SPOX: Das erinnert ja stark an Marcell Jansen. Stichwort: "Den Fußball nie geliebt"?

Auer: Da ist jeder Typ anders. Marcell Jansen wird sich sicher gar keine Sorgen mehr um seine Zukunft machen müssen. Aber wenn einer das Wappen eines Vereins küsst und zwei Wochen später weg ist, dann ist das doch verrückt. Ich finde, sowas ist Heuchelei. Das Ausland hingegen wäre nochmal ein Erlebnis gewesen.

SPOX: Sie standen dann kurz vor einem Wechsel zu Racing Santander. Woran ist dieser gescheitert?

Auer: Das hätte alles sehr gut gepasst. Im Endeffekt ist es dann an meinem alten Kreuzbandriss gescheitert: Obwohl ich davon seit Jahren nichts gemerkt hatte, war den Spaniern das Risiko zu groß.

SPOX: Kam Ihnen angesichts des geplatzten Wechsels dann ihr Studium in Fitnessökonomie und Gesundheitsmanagement zugute?

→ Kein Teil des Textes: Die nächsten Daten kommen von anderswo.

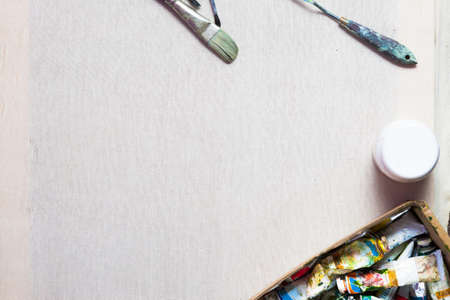 Handmade decore workplace flat lay. Oil paints, brushes, canvas. Artists equipment assortment background. Drawing lessons, art school, young painter, creativity, DIY concept
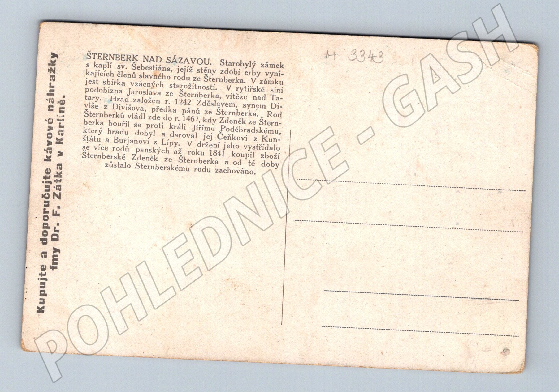Originální historická pohlednice zobrazující pohled na hrad Šternberk nad Sázavou. Na pohlednici je vidět malebná kresba hradu s výraznou architekturou, zasazenou do krajinného rázu s domky a vesnickou zástavbou v popředí. Na zadní straně naleznete podrobné informace o historii hradu Šternberk, jeho zakladateli Jaroslavovi ze Šternberka, významných členech stejnojmenného rodu, kapli sv. Sebestiána a majitelích z řady šlechtických rodin až do 19. století. Pohlednice má klasický rozměr, je psána česky a je v zachovalém sběratelském stavu. Vhodná do sbírky milovníků hradů a historických pohlednic.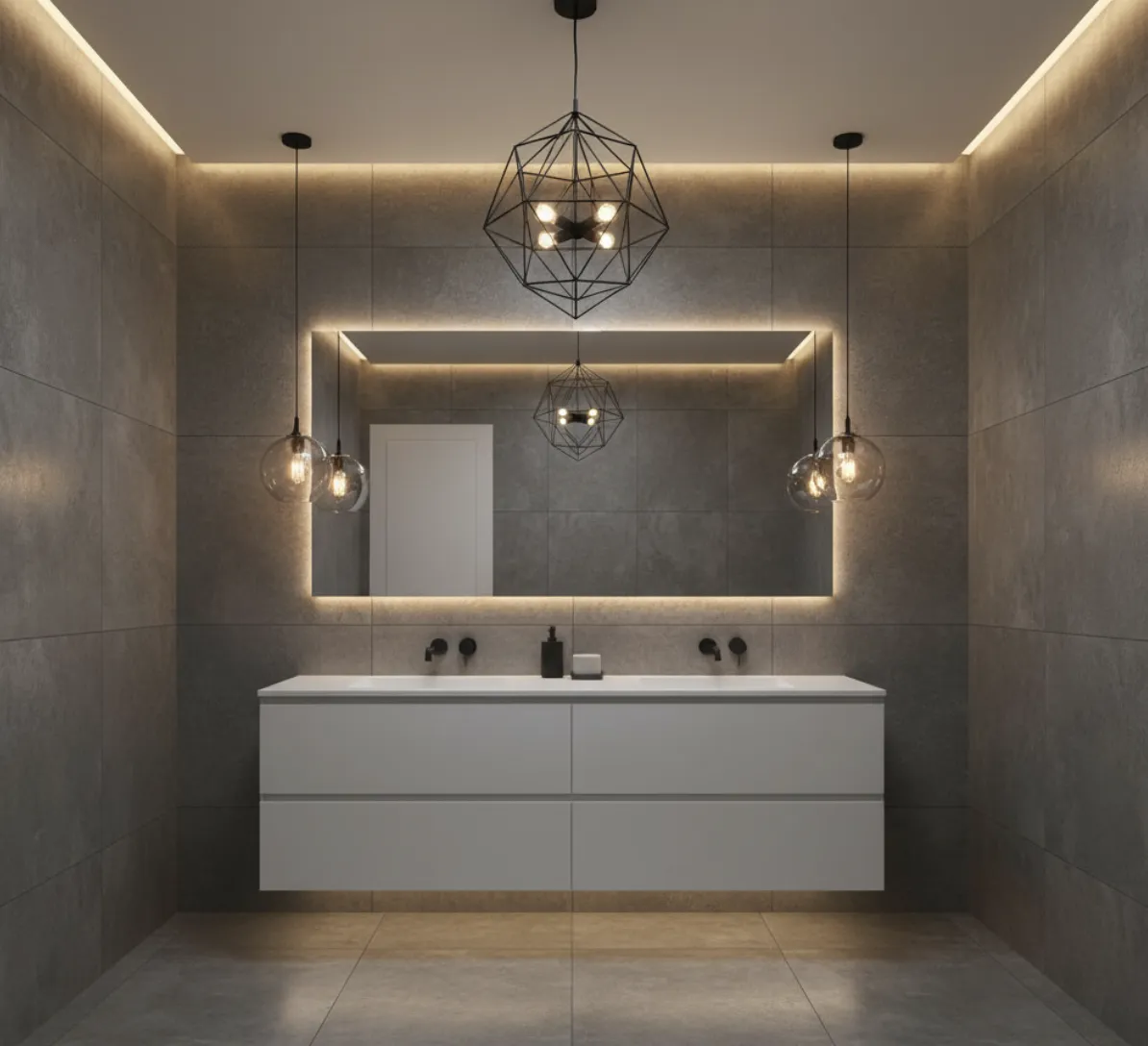 Lokalizacja lampy wiszącej musi być dokładnie przemyślana. Najbezpieczniejsze i najpopularniejsze miejsca to symetryczne zawieszenie dwóch lamp po bokach lustra lub centralne umieszczenie jednej lampy. W obu przypadkach lampa działa jako biżuteria wnętrza, przyciągając wzrok i stanowiąc kontrapunkt dla minimalistycznej armatury i ceramiki. Jej światło jest zazwyczaj ciepłe (K – K), ponieważ ma za zadanie budować nastrój relaksu, a nie służyć precyzji.

Auer: 2004 habe ich mein erstes von drei Fitnessstudios eröffnet. Da war mir klar, dass das ohne entsprechende Vorbereitung nicht gehen würde. Für mich war vor allem die Abwechslung zum Fußball sinnvoll, mal etwas ganz anderes und etwas für den Kopf zu machen. So konnte man sich auch etwas vom "typischen" Fußballer abheben. Ich habe auch viele Spieler gesehen, die kurz vor dem Karriereende keinen Plan hatten, was sie danach machen. Mir war schon klar, dass das Leben nach der Karriere weitergeht. Ich kann und will mein Leben nicht nur auf der Couch verbringen.

SPOX: Verfolgen Sie denn den Profifußball überhaupt noch, da gibt es ja auch immer wieder die Diskussion um klassische Mittelstürmer oder falsche Neuner?

Auer: Ich gucke ab und zu schon Spiele mit Freunden. Das war direkt nach der Karriere anders, da hab ich mich kaum mit dem Thema beschäftigt. Ich war immer schon ein Fan des klassischen Mittelstürmers, der die Bälle halten oder direkt verwerten kann. Aber davon gibt es ja nicht mehr wirklich viele, daher gehört für mich Mario Gomez ins DFB-Team. Daniel Ginczek wäre vielleicht auch eine Option geworden, aber der ist derzeit ja wieder verletzt.